In this context, the aim of this study was to evaluate the influence of different temperatures by spray drying on the viability, encapsulation efficiency, water activity and moisture of microparticles containing Lactobacillus acidophillus La-5 and Bifidobacterium Bb-12. Subsequently, the microparticles that presented the highest viability and best physical-chemical characteristics were evaluated in relation to their thermal resistance, gastrointestinal simulation and storage stability. In addition, the morphology and particle size were also evaluated.
MATERIALS AND METHODS:
To produce microparticles, the following compounds were used: Gum arabic (CNI, São Paulo, Brazil); Maltodextrin (Ingredion, São Paulo, Brazil); Tween 80 (Vetec, Rio de Janeiro, Brazil); Glycerol (Vetec, Rio de Janeiro, Brazil), and probiotic culture Lactobacillus acidophilus La-5 and Bifidobacterium Bb-12 obtained by Chr. Hansen from Brazil (Valinhos, São Paulo).
Inoculum
The Lactobacillus acidophilus La-5 probiotic culture (Chr. Hansen, São Paulo, Brazil) was activated in MRS broth (Himedia Curitiba, Parana, Brazil) and incubated for 15 h at 37°C. The Bifidobacterium Bb-12 culture was rehydrated in reconstituted milk (Molico, Nestlé, São Paulo, Brazil) at a concentration of 12% and incubated for 5 hours at 37°C. Then, it was centrifuged at 4670 g for 15 min and washed in NaCl solution (0.85%). Cells were then suspended in saline to obtain a solution containing about 12 and 10log CFU/g-1.
Production of microparticles by spray drying
Feed solutions were prepared with gum arabic (8g), maltodextrin (2g), glycerol (1.9mL), tween 80 (0.1mL) containing Lactobacillus acidophilus La-5 (SL) and Bifidobacterium Bb-12 (SB) to a final concentration of 12% m/v. Microencapsulation process was performed in a lab spray dryer (MSD 1.0 Labmaq, Sao Paulo, Brazil). Initially, the feed solutions (SL and SB) were submitted to different drying temperatures, 110, 120, 130 and 140°C. Next, the microparticles produced at the inlet temperature of 130°C were chosen to be further evaluated. Different feed solutions, kept stirring, were introduced into the drying chamber using a peristaltic pump with feed rate of 0.48L/h, drying air flow rate of 40L/min, and air pressure of 0.6 MPa. The microparticles (ML and MB) were collected at the base of the cyclone, transferred to sterile vials, and stored in a desiccator.
Viable cell count
Serial dilutions for Lactobacillus acidophilus La-5 and Bifidobacterium Bb-12 were transferred to sterile Petri plates containing MRS agar (Himedia Curitiba, Paraná, Brazil), in triplicate. The MRS agar used for Bifidobacterium Bb-12 was added lithium chloride (0.1%) and L-cysteine (0.05%), according to manufacturer recommendations (Chr Hansen, 1999). Plates were incubated at 37°C for 72h in anaerobic jars with an anaerobic generator (Oxoid, São Paulo, Brazil).

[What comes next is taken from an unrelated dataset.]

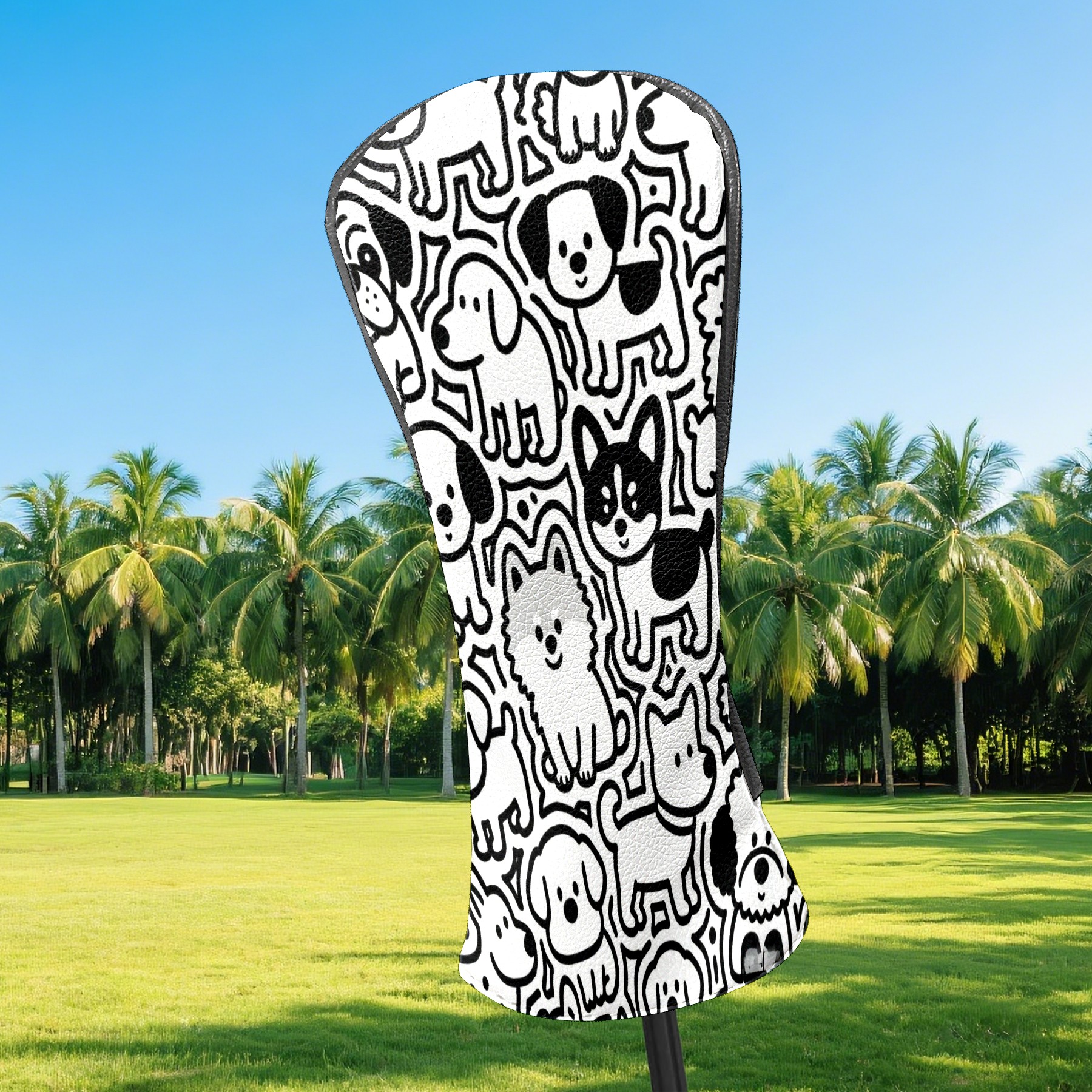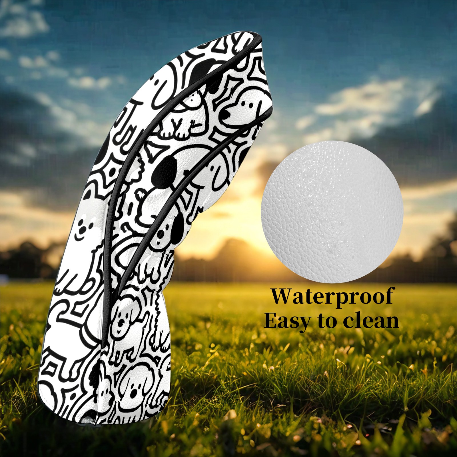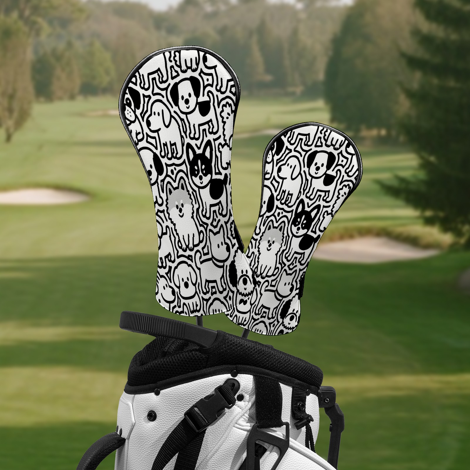 Golf Club Head Covers Puppy Pattern Mural Waterproof Leather Golf Head Covers for Men Women Driver Head Cover Fairway Headcover for Golf Lovers

Dilution of the microparticles comprised weighing 1g of microparticles followed by the addition of 9mL sterile phosphate buffer solution (pH 7.5), following the methodology described by SHEU et al. (1993). Results were shown as log colony forming units per gram (log CFU/g-1).
Efficiency of encapsulation (EE)
The efficiency of encapsulation (EE) is the survival rate of the microorganisms during the microencapsulation process, calculated according to Eq. (1), as proposed by MARTIN et al. (2013):
EE% = (N/N0) x 100 (1)
Where N is the number of viable cells (log CFU/g-1) released from the microparticles and N0 is the number of viable cells (log CFU/g-1) free in the feed solution before the spray-drying process. Viable cell count was performed as described in Section “Viable cell count”.
Moisture and Water Activity (Aw)
Moisture content of the microparticles was determined in an oven at 105°C until constant weight, according to the methodology proposed by AOAC (2005). Water activity was measured at 25°C using Aqualab 4TE equipment (Decagon Devices, Pullman, WA, USA) after prior stabilization of the samples for 15min.
Microparticle morphology and size
Morphology of the microcaparticles was evaluated using an optical microscope (Carl Zeiss Axio Scope. A1, Oberkochen, Germany) equipped with an Axio Cam MRc digital camera (Carl Zeiss) and scanning electronic microscope (SEM; JEOL JM6360, Tokyo, Japan). Distribution of microparticle size was measured using a Mastersizer 3000 (Malvern, Germany), with water as the dispersion medium.
Resistance to heat treatment
Thermal resistance was assessed as proposed by ZHANG et al. (2015), with some adaptations. Microparticles and free culture (1g) were transferred to 9ml of peptone water in test tubes. Contents were then subjected to thermal conditions of 72°C for 15 seconds and 63°C for 30 minutes, after which tubes were immediately cooled by immersion on ice for 10min. Finally, aliquots were collected and probiotic cultures were counted according to Section “Viable cell count”.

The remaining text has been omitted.